Material provided =

■ ■ ■ ■

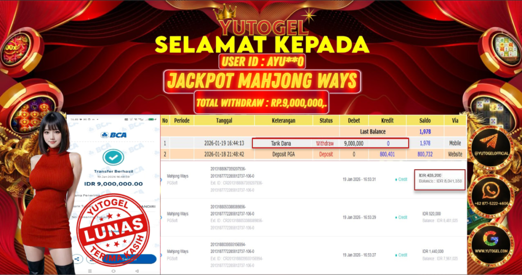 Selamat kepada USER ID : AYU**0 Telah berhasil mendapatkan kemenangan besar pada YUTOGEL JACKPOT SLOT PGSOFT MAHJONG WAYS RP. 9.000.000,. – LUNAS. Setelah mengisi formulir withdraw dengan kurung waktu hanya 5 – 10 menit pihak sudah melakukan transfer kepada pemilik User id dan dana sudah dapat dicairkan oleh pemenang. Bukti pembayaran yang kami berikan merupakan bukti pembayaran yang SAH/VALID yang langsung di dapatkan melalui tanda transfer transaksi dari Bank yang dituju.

■ ■ ■ ■

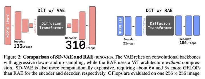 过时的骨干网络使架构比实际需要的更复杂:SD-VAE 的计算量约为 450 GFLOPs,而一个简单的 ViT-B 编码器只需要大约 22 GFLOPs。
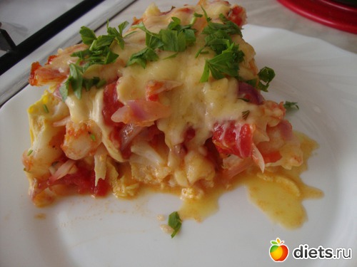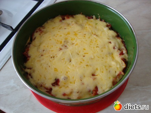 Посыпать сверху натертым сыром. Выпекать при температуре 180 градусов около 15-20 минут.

■ ■ ■ ■

Task details = Although pictures appear among the entries, please set down only the lines from the one with "过时的骨干网络使架构比实际需要的更复杂:SD-VAE 的计算量约为 450" up to and including the one with "Посыпать сверху натертым", word for word.

Problem solution =
 过时的骨干网络使架构比实际需要的更复杂:SD-VAE 的计算量约为 450 GFLOPs,而一个简单的 ViT-B 编码器只需要大约 22 GFLOPs。
 Посыпать сверху натертым сыром. Выпекать при температуре 180 градусов около 15-20 минут.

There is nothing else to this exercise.